There are 600 episodes in the dataset.

# find the first and last episodes
first_ep <- episodes %>%
  filter(id == min(id)) %>%
  pull(title)

first_ep_year <- episodes %>%
  filter(id == min(id)) %>%
  pull(original_air_year)

last_ep <- episodes %>%
  filter(id == max(id)) %>%
  pull(title)

last_ep_year <- episodes %>%
  filter(id == max(id)) %>%
  pull(original_air_year)

The episodes range from Episode 1 (‘Simpsons Roasting on an Open Fire’) in 1989, to Episode 600 (‘Treehouse of Horror XXVII’) in 2016.

IMDb Ratings

What is the highest rated episode of all time?

# find highest IMDb ratings
highest_rated_one <- episodes %>%
  filter(imdb_rating == max(imdb_rating, na.rm = TRUE)) %>%
  slice(1) %>%
  pull(title)

highest_rated_one_season <- episodes %>%
  filter(imdb_rating == max(imdb_rating, na.rm = TRUE)) %>%
  slice(1) %>%
  pull(season)
  
highest_rated_two <- episodes %>%
  filter(imdb_rating == max(imdb_rating, na.rm = TRUE)) %>%
  slice(2) %>%
  pull(title)

highest_rated_two_season <- episodes %>%
  filter(imdb_rating == max(imdb_rating, na.rm = TRUE)) %>%
  slice(2) %>%
  pull(season)

highest_rating <- episodes %>%
  filter(imdb_rating == max(imdb_rating, na.rm = TRUE)) %>%
  slice(1) %>%
  pull(imdb_rating)

Two episodes hold the honour of being highest rated: Homer’s Enemy and You Only Move Twice, both from season 8 and both scoring 9.2/10.

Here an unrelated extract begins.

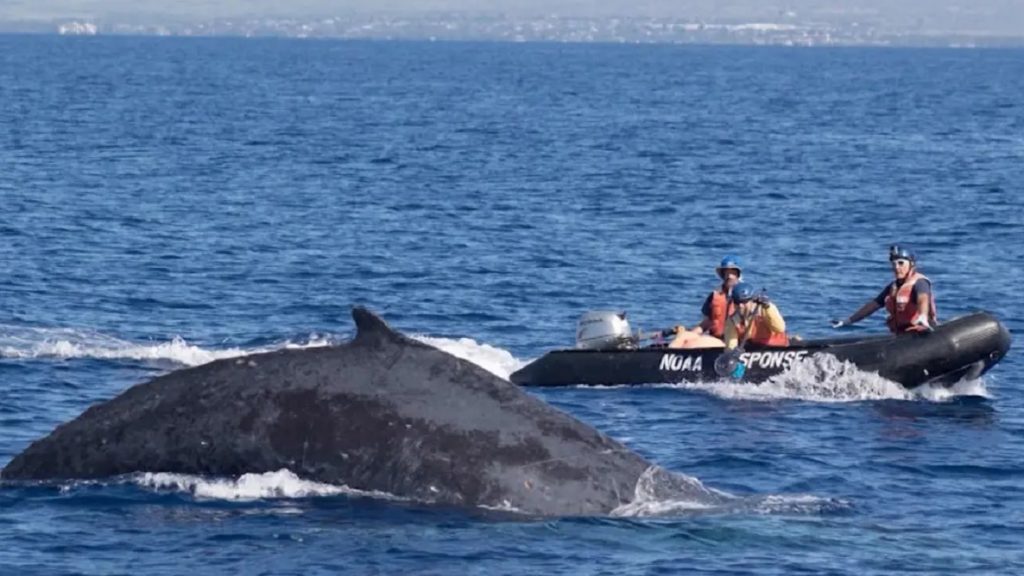 জাতীয় সমুদ্র এবং পরিবেশ বিষয়ক প্রশাসন জানায়, ১৪০ ফুট লম্বা শিকারের দড়িতে আটকে যায় প্রাণীটির লেজ। তাছাড়া, প্লাস্টিকের একটি বয়ায় আটকা ছিল তিমির পাখনা। কয়েক ঘণ্টার চেষ্টায় সেগুলো ছাঁড়ানো গেলেও কেটে যায় মাছটির চামড়া। অফিসিয়ালরা জানিয়েছে, এখন ভালো অবস্থায় আছে তিমিটি। তবে শিকারের দড়ির ওজন বেশি হওয়ায় তা তিমির মাংস কেটে বসে গিয়েছিল। শিকারের দড়ির মালিকানা কার, তা জানতে চলছে অনুসন্ধান।

What is the lowest rated episode of all time?

# find lowest IMDb ratings
lowest_rated <- episodes %>%
  filter(imdb_rating == min(imdb_rating, na.rm = TRUE)) %>%
  pull(title)

lowest_rated_season <- episodes %>%
  filter(imdb_rating == min(imdb_rating, na.rm = TRUE)) %>%
  pull(season)

lowest_rating <- episodes %>%
  filter(imdb_rating == min(imdb_rating, na.rm = TRUE)) %>%
  pull(imdb_rating)

Season 23’s Lisa Goes Gaga, with just 4.5/10, is the lowest rated episode.

IMDb ratings over time

# plot ratings over time by season 
ggplot(episodes, aes(x = episodes_id, y = episodes$imdb_rating, color = factor(episodes$season))) +
  geom_line() +
  scale_color_viridis_d()
Warning: Removed 3 rows containing missing values or values outside the scale range
(`geom_line()`).

Episode Titles

# find character names in episode titles
main_characters <- c("Homer", "Marge", "Bart", "Lisa", "Maggie")
name_counts <- sapply(main_characters, function(p) sum(grepl(p, episodes$title)))
name_freq <- data.frame(Name = names(name_counts), Count = name_counts)

Whose name appears most in episode titles?

# visualise frequency of character names appearing in episode titles
ggplot(name_freq, aes(x = Name, y = Count)) +
  geom_bar(stat = "identity") +
  theme_minimal()